[파이썬] requests-html `render()` 메서드

06 Sep 2023

requests-html

In the world of web scraping, it’s common to encounter websites that heavily rely on JavaScript to dynamically load content. Traditionally, static web scraping libraries like requests and BeautifulSoup struggle to handle such websites. However, with the advent of the requests-html library, dynamically loading web pages has become much easier.

One of the key features of requests-html is its render() method, which uses a headless browser under the hood to execute JavaScript and render the web page in its final state. This allows you to scrape content from websites that heavily manipulate the DOM using JavaScript.

Installation

Before we dive into using the render() method, let’s ensure we have requests-html installed. Run the following command:

pip install requests-html

Basic Usage

Using the render() method is straightforward. Here’s an example of how to scrape dynamically loaded content from a web page:

from requests_html import HTMLSession

url = 'https://www.example.com'
session = HTMLSession()
response = session.get(url)
response.html.render()

# Now you can access the rendered HTML
html = response.html.html

In the above code, we first create an HTMLSession object and make a GET request to the desired URL. Then, we call the render() method on the response.html object. This triggers the JavaScript execution, ensuring that the web page is fully loaded. Finally, we can access the rendered HTML by accessing the response.html.html attribute.

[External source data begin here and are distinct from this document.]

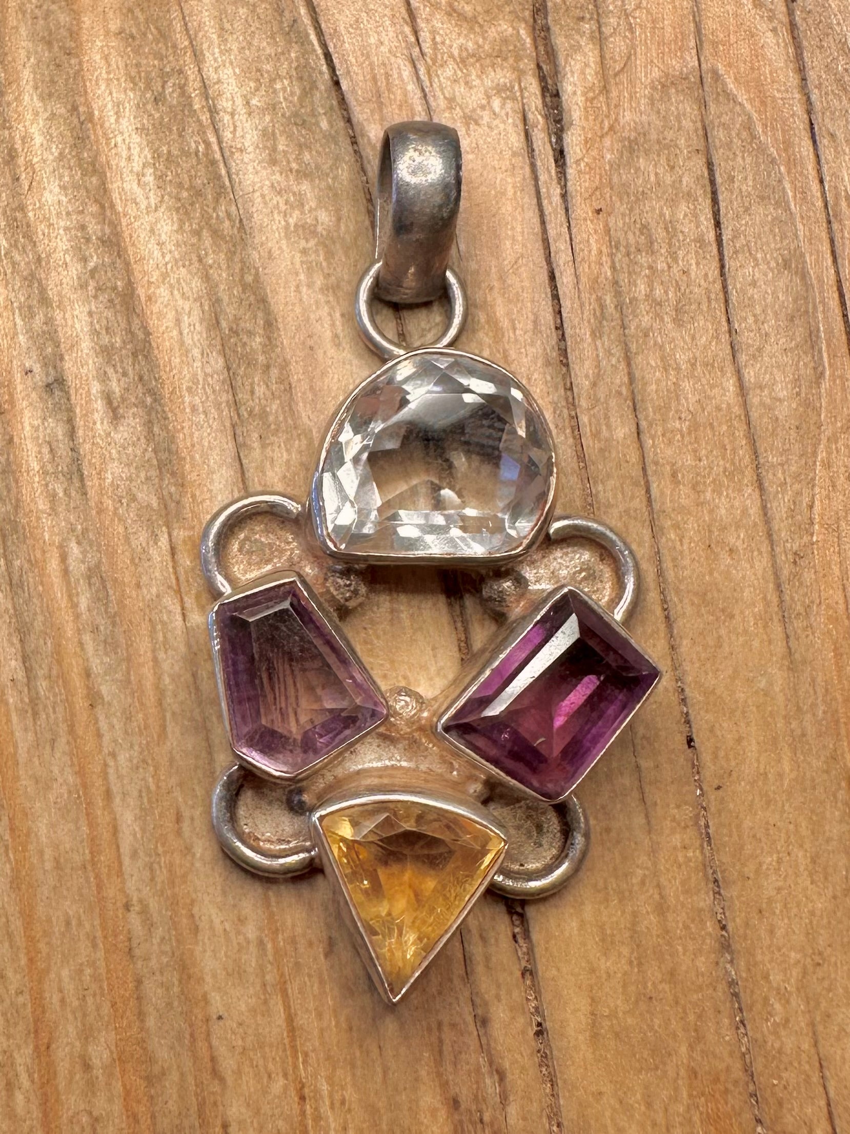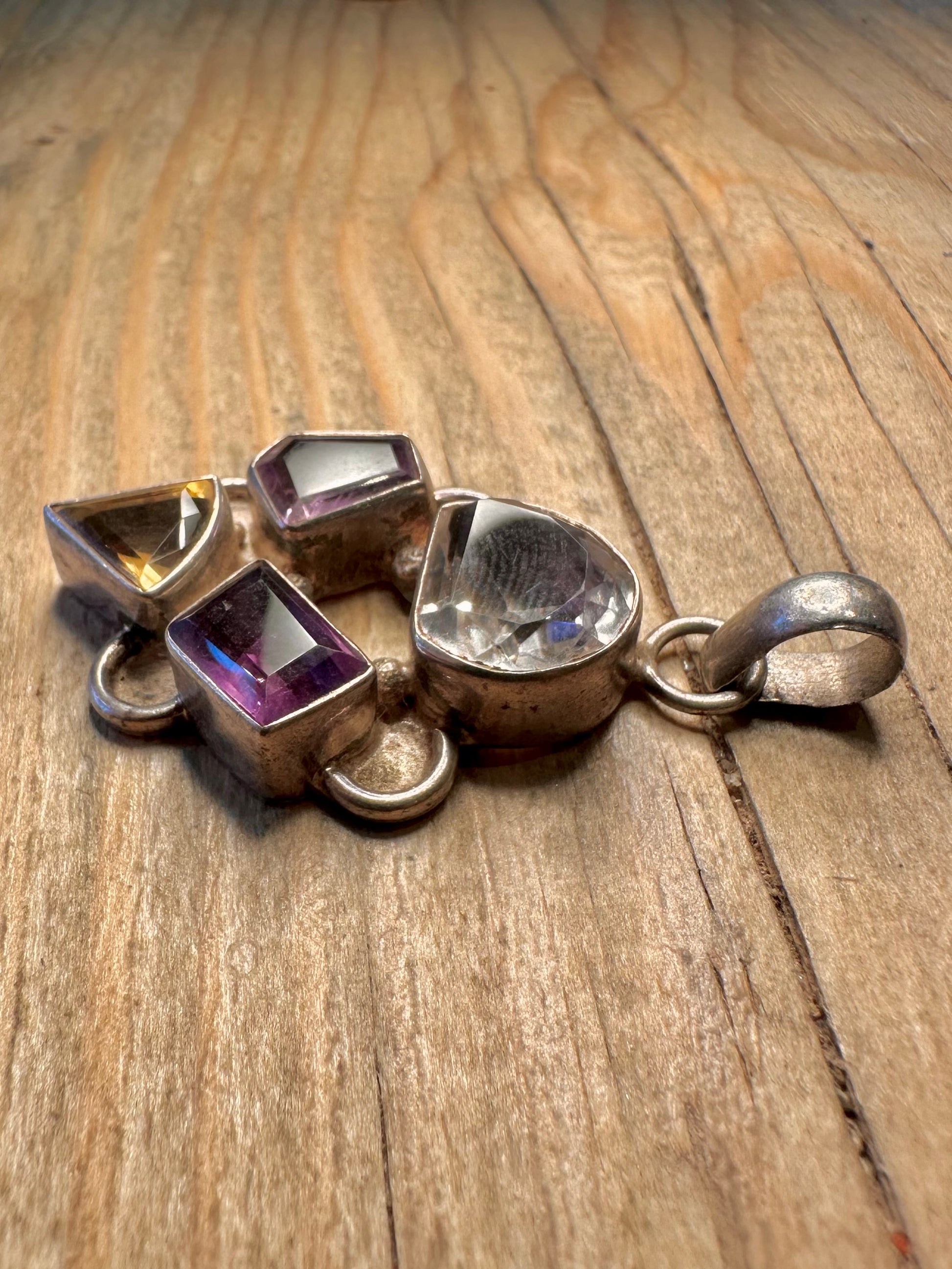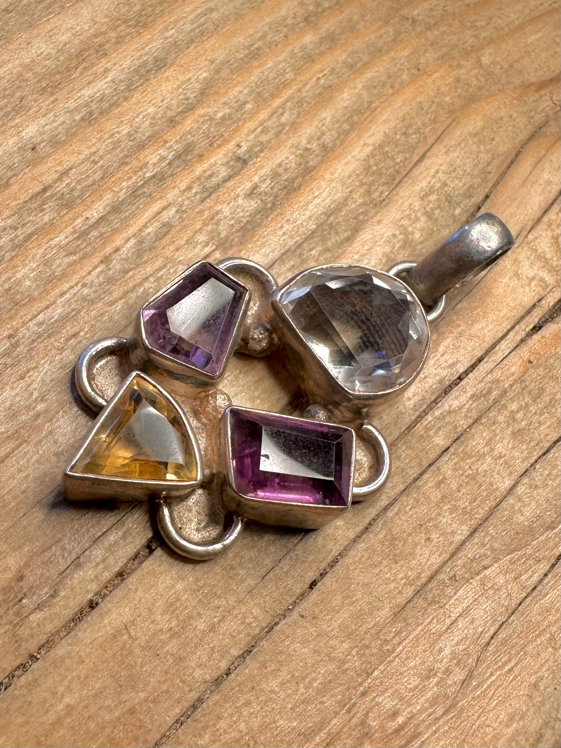 Vintage Multi Gemstone Citrine Amethyst Quarts 925 Sterling Silver Pendant
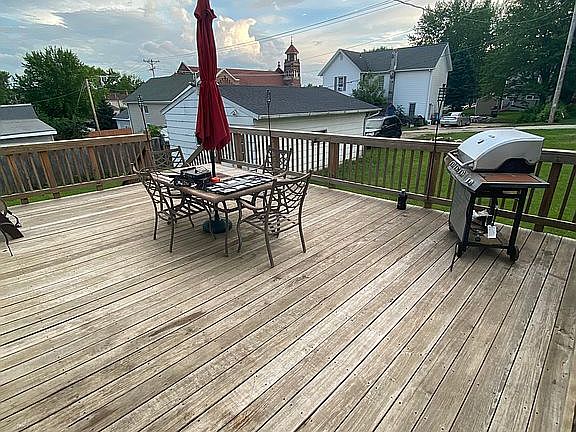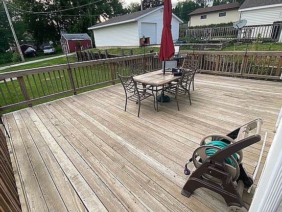 Adorable Single Family home on a double .22 acre lot! New wrap around deck added in 2019 New: Water heater Furnace Washer/dryer Refrigerator Dishwasher Detached 2 stall garage Nice sized living area and dining room Double lot Walking distance to Main Street For additional info call 319-560-0441
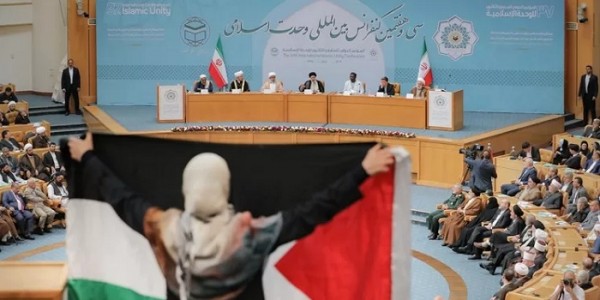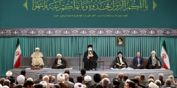 Telusur.co.id - Pemimpin Besar Iran Ayatullah Sayid Ali Khamenei dalam pertemuan dengan para peserta Konferensi Internasional
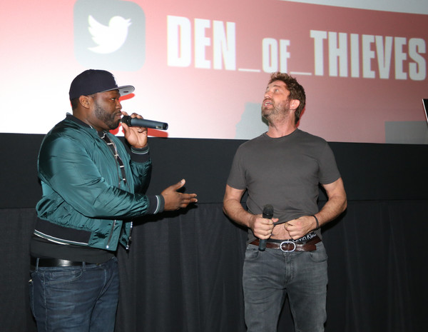 MIAMI, FL - JANUARY 10: (L-R) Curtis '50 Cent' Jackson and Gerard Butler at The Den of Thieves special screening at Regal South Beach on January 10, 2018 in Miami, Florida. 'Den Of Thieves' Private Screening
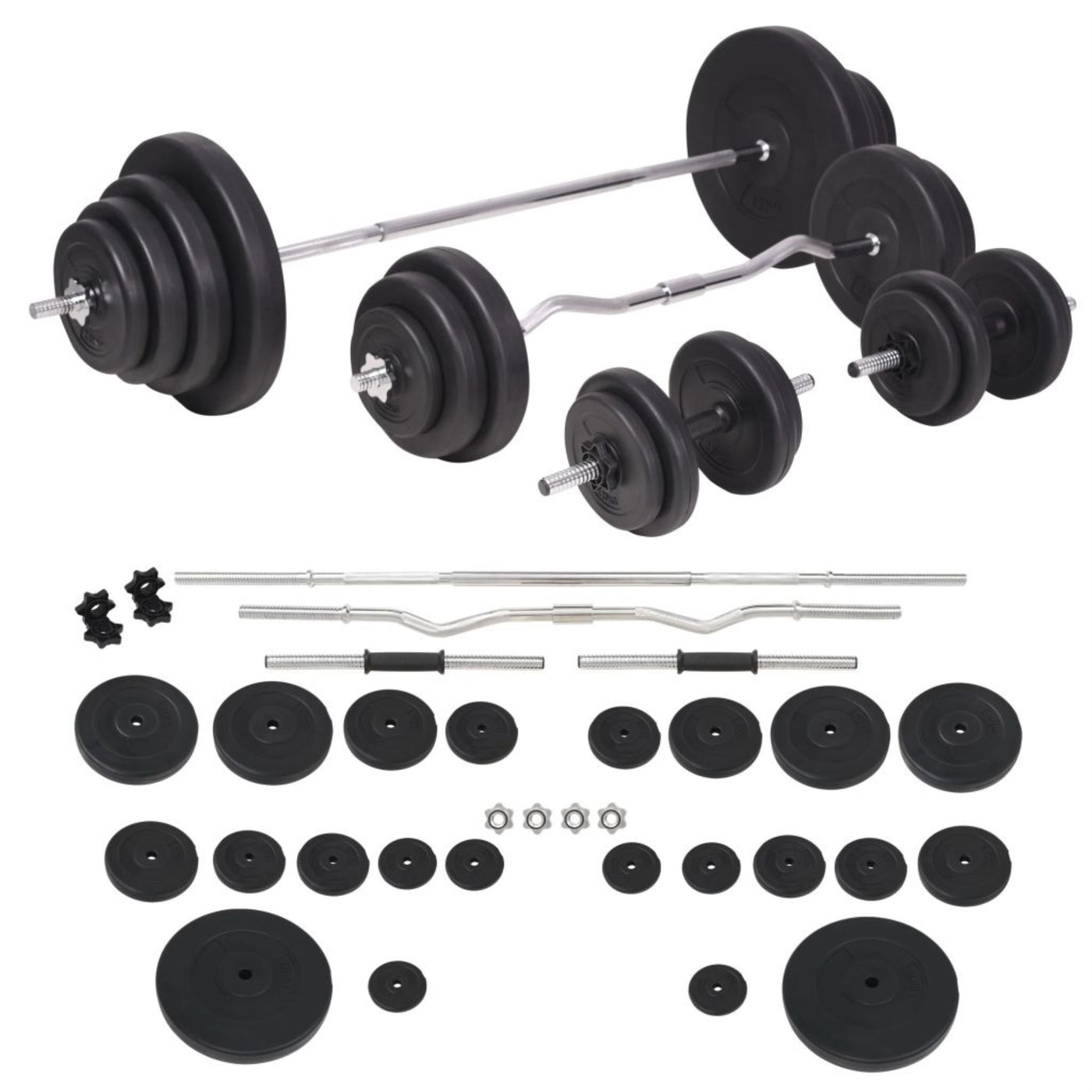 This Versatile Barbell And Dumbbell Set Is Perfect For Chest, Biceps, Arms, Triceps And Back Muscles. It Includes Two 15 Kg Plates, Two 10 Kg Plates, Two 7.5 Kg Plates, Four 5 Kg Plates, Six 2.5 Kg Plates, Six 1.25 Kg Plates, Two Barbell Bar And Two Dumbbell Bar And Has A Total Weight Of About 120 Kg. This Set Allows The Users To Variably Select The Weights They Want To Lift For Different Exercises. These Plates Are Made Of Cement With A Plastic Shell And They Can Easily Be Secured Onto The Bars With The Included Star Locks. The Weight Is Clearly Stamped On Each Plate For Quick And Easy Identification.
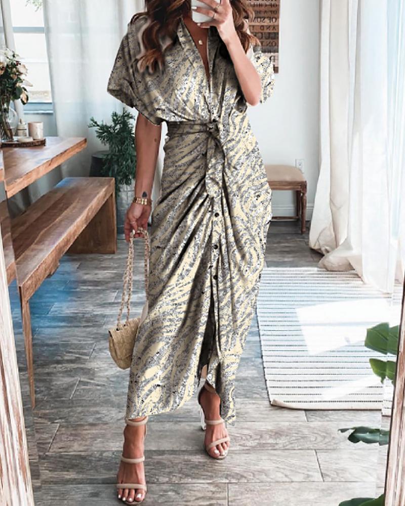 Tie Front Ruffles Ruched Button Design Colorblock Dress, Style4
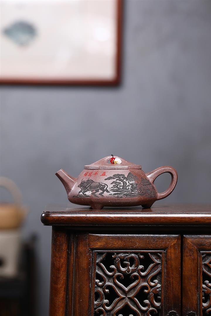【作品介紹】此款壺形線條流暢,壺把,壺嘴,壺身壹氣呵成栩栩如生,是收藏把玩的好壺,泥料色澤古樸典雅,日久使用,漸露鋒芒,養成變化快,溫潤莊重,用其泡茶,使用的年代久,壺身就溫潤,泡出來的茶湯也就醇郁芳馨。
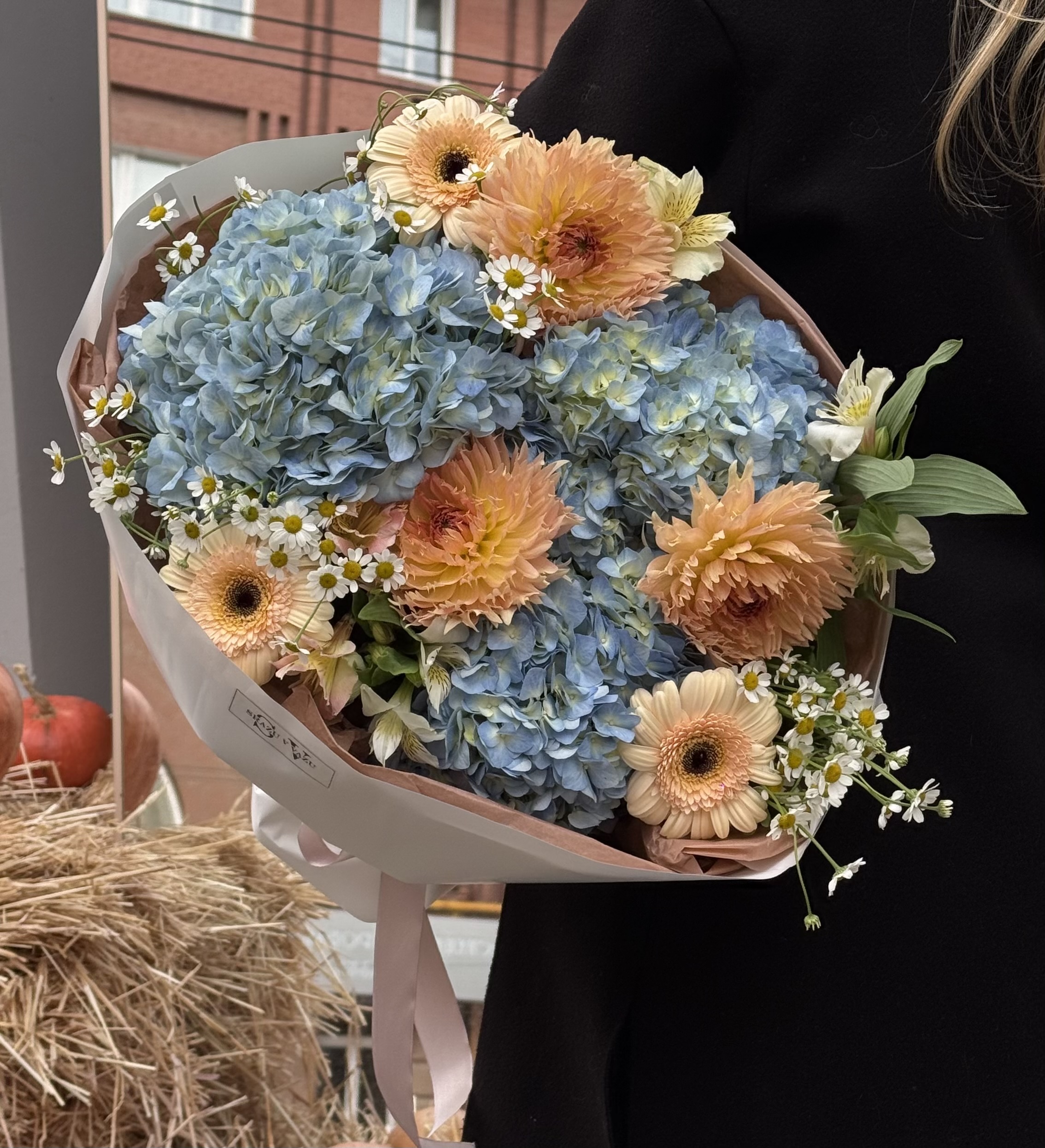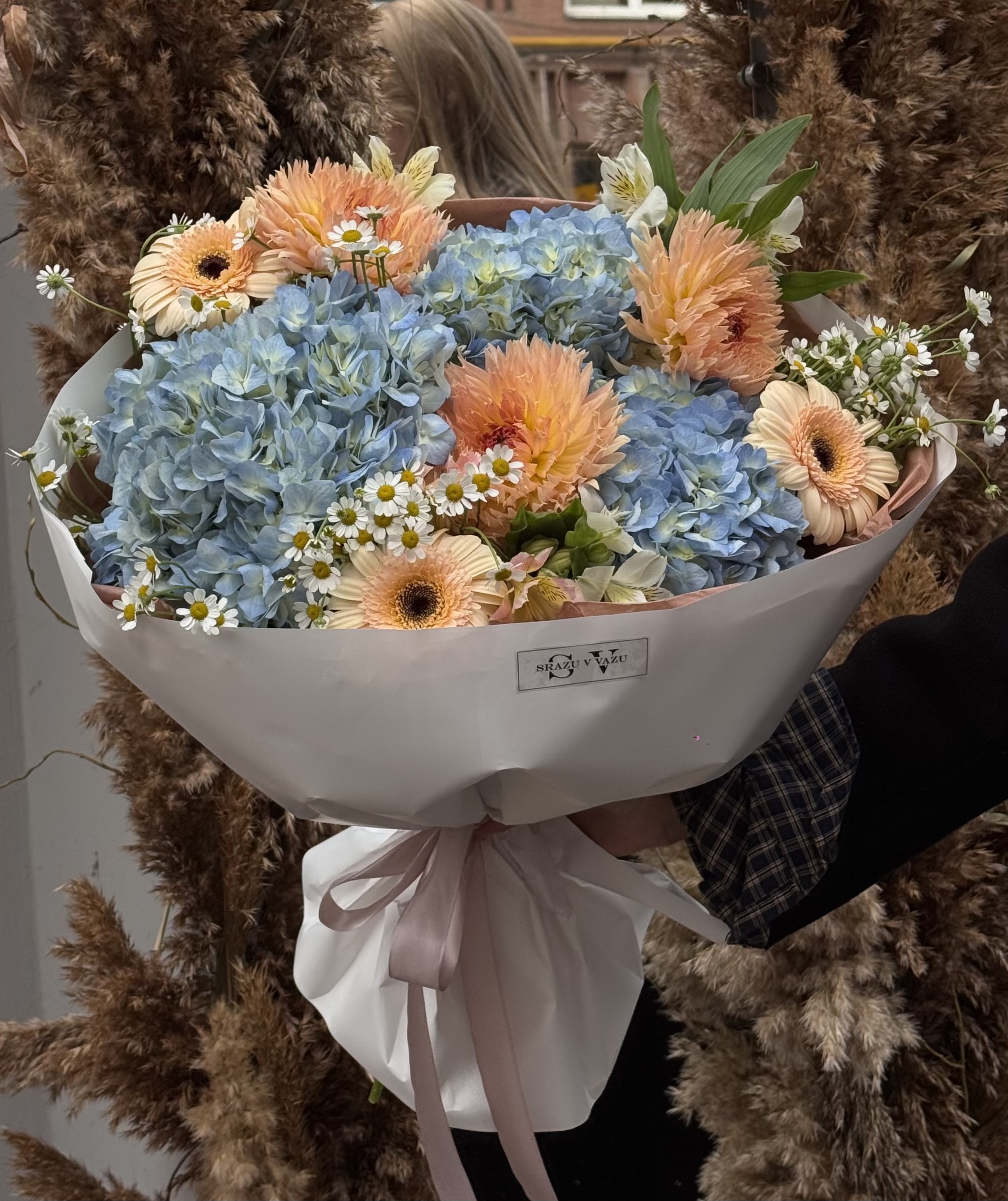 Заказать Авторский букет с сезонными георгинами и ромашками с доставкой по Самаре

Waiting for Dynamic Content

In some cases, the dynamic content on a web page might take a while to load. To ensure that you scrape the fully loaded page, you can use the render() method’s wait parameter. This allows you to specify a time to wait in seconds before extracting the rendered HTML.

from requests_html import HTMLSession

url = 'https://www.example.com'
session = HTMLSession()
response = session.get(url)
response.html.render(wait=5)  # Wait for 5 seconds

html = response.html.html

By setting wait=5, the render() method waits for 5 seconds before extracting the rendered HTML. Adjust the wait time according to the specific needs of the website you are scraping.

Additional Features

Apart from rendering and waiting for dynamic content, requests-html provides several other useful features:

CSS Selectors: You can use CSS selectors to easily extract elements from the rendered HTML. Check out the requests-html documentation for more information on how to utilize CSS selectors.
JavaScript Evaluation: If you need to execute custom JavaScript code on the rendered page, you can use the response.html.render(script='your_script.js') method. This allows you to interact with the rendered page programmatically.

With these features, requests-html makes scraping dynamically loaded web pages a breeze. It helps you overcome the limitations of traditional scraping libraries and enables you to gather valuable data from JavaScript-based websites.

Give requests-html a try in your next web scraping project, and experience the power of rendering dynamic web pages!